With all due respect, you could combine every famous dish from every state in the nation and still not have as many as you’ll find in Louisiana. That’s not bragging; the food here is just that good. Boudin, beignets, king cakes and pralines — the Pelican State has plenty of homegrown culinary creations you may have heard of, and a few more you probably haven’t.
Grab a napkin and get to know these famous Louisiana dishes:
What they are: square-shaped pieces of fried dough, topped with powdered sugar, typically served in orders of three. The basic beignet is made with fewer ingredients than you can count on one powder-covered hand, though you can also find these bad boys stuffed with savory or sweet ingredients at restaurants and cafés across Louisiana.
Where to find them: Café Du Monde in New Orleans’ French Quarter is the unofficial world capital of beignets. New Orleans even has a Beignet Festival (yes, it's powdered sugar heaven!), held in December, that you won't want to miss.
What it is: a submarine-type sandwich made with French bread. Order it “dressed” if you like your po’boy with mayonnaise, lettuce, pickles and tomato.
Where to find it: the Oak Street Po-Boy Festival in New Orleans, held in November. Mother’s Restaurant, also in New Orleans, serves roast beef po’boys with a type of gravy known as debris (pronounced day’-bree). Chris’ Po'boys in Lafayette is among the best restaurants in Cajun Country to satisfy your po’boy cravings.
What it is: a sandwich on round bread containing Italian salami, Italian ham, minced garlic, olive salad and cheese. You’ll often find them served in whole, half and quarter sizes. If you’re going to eat a whole muffuletta, come hungry — these sandwiches typically measure almost a foot around!
Where to find it: Seek out Central Grocery in New Orleans’ French Quarter, where the muffuletta was invented. Visitors to north Louisiana shouldn’t miss the legendary “Muffy” sandwich at Fertitta’s Delicatessen in Shreveport.
4. King Cake
What it is: a round, cinnamon-filled cake made with braided dough, covered in icing and colored sugar and containing a little plastic baby. The three colors symbolize justice (purple), faith (green) and power (gold). You’ll see king cakes in bakeries and grocery stores throughout Louisiana between the Twelfth Night and Mardi Gras.

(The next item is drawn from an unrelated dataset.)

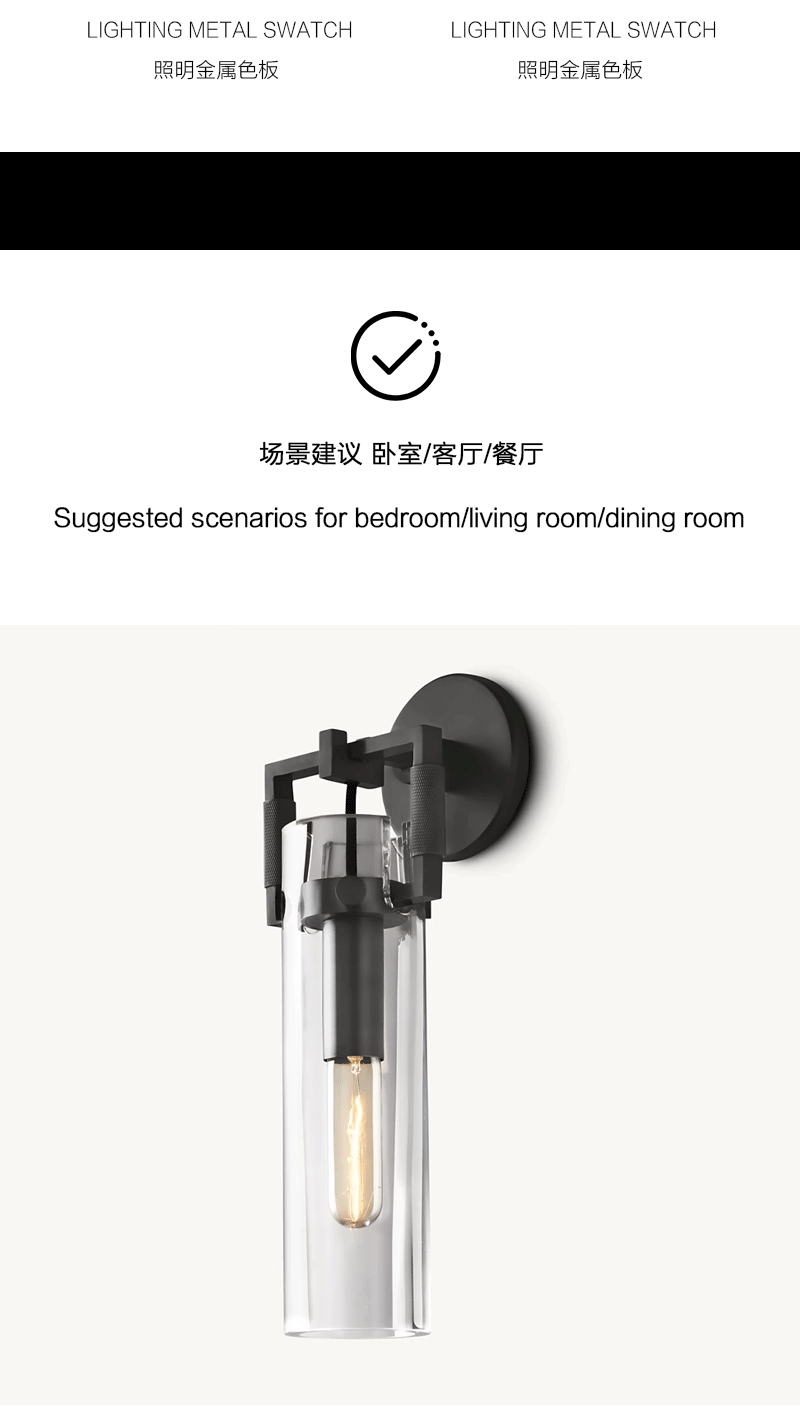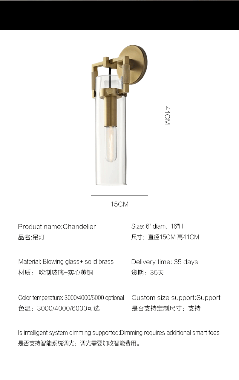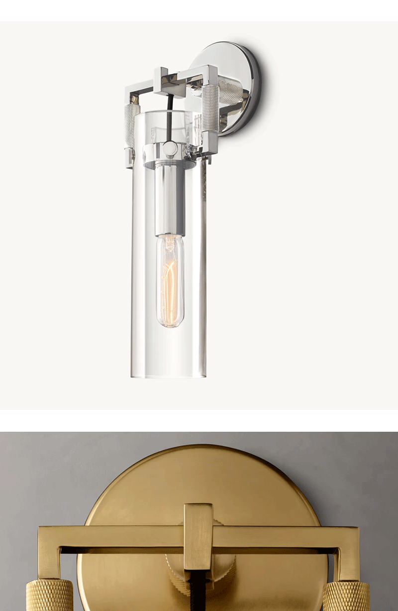 美式轻奢客厅餐厅玻璃大圆筒壁灯

Where to find it: Manny Randazzo’s King Cakes in Metairie is the king of Louisiana king cakes, though you can also find them at stores from Shreveport to the Gulf Coast, and all points in between. Other standouts include Atwood’s Bakery in Alexandria, Daily Harvest Bakery & Deli in Monroe and Haydel’s Bakery in New Orleans.
5. Crawfish Étouffée
What it is: a Creole dish of rice smothered in a stew of roux, crawfish, herbs and vegetables. The roux (called a “blonde roux” for its lighter color than the kind typically used in gumbo) is a mixture of butter and flour, mixed with celery, bell peppers and onion.

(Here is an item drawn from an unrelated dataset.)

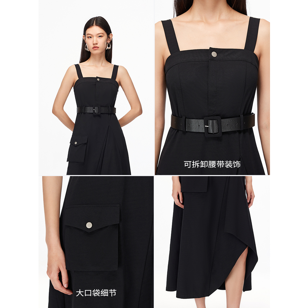 Vero Moda连衣裙2025秋季新款工装风不规则裙摆吊带裙325361013

Where to find it: In New Orleans, find crawfish étouffée at Bon Ton Café and Jacque-Imo’s. Outside the Crescent City you’ll find mouthwatering étouffée at The Chimes in Baton Rouge and at Boudreaux & Thibodaux’s in Houma.
What is it? An irresistible combination of rice, roux (butter or oil mixed with flour), seafood or meat, vegetables, spices and often okra. There are about as many variations on gumbo as there are people cooking it up, but in general, Creole-style gumbo incorporates tomatoes and more exotic ingredients, while Cajun-style gumbo often includes locally harvested meats, fish and spices. Fun fact: gumbo is the official dish of Louisiana. Watch this 60-sec gumbo recipe video.

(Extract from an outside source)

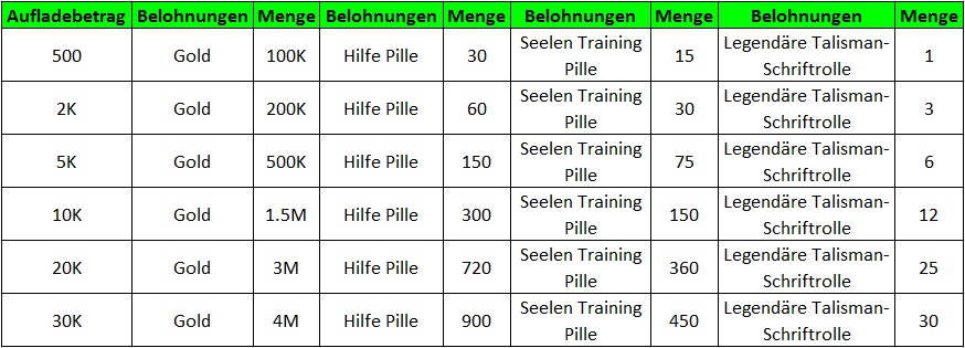 Beschreibung: Lade die ben?tigte Menge auf, um fantastische Pr?mien zu erhalten. Jede Belohnung kann nur einmal abgeholt werden. Wird t?glich zur?ckgesetzt.

Where to find it: Gumbo is so ubiquitous, you’re bound to find it wherever in Louisiana you’re traveling. Head to Rocky and Carlo’s in Chalmette or Robin’s Restaurant in Henderson for some of the best bowls in south Louisiana. Some of the best bowls in New Orleans can be found at Restaurant R’evolution and the Gumbo Shop. In northeast Louisiana, Warehouse No. 1 in Monroe is your go-to spot for great seafood gumbo.
What is it? Rice, pork and spices in a smoked sausage casing. Boudin is served in links or in boudin balls, which are deep-fried cousins of the iconic Cajun delicacy.
Where to find it: Earl’s Cajun Market in Lafayette serves up excellent boudin and plate lunches. Head to Scott, Louisiana which is the Boudin Capital of the World. Stop Billy's Boudin and Cracklins or Don's Specialty Meats. Boudin can also be found on many menus throughout Louisiana.
What is it? Pork butt, shank and fat, seasoned with salt, garlic and cracked black pepper. True andouille is smoked over pecan wood and sugar cane, giving the meat a sweet, dark flavor.
Where to find it: LaPlace is the place to find true Louisiana andouille. Jacob’s World Famous Andouille and Bailey’s Andouille sell it by the pound. In October, head to LaPlace for the Andouille Festival, an extravaganza that has been running for over 40 years.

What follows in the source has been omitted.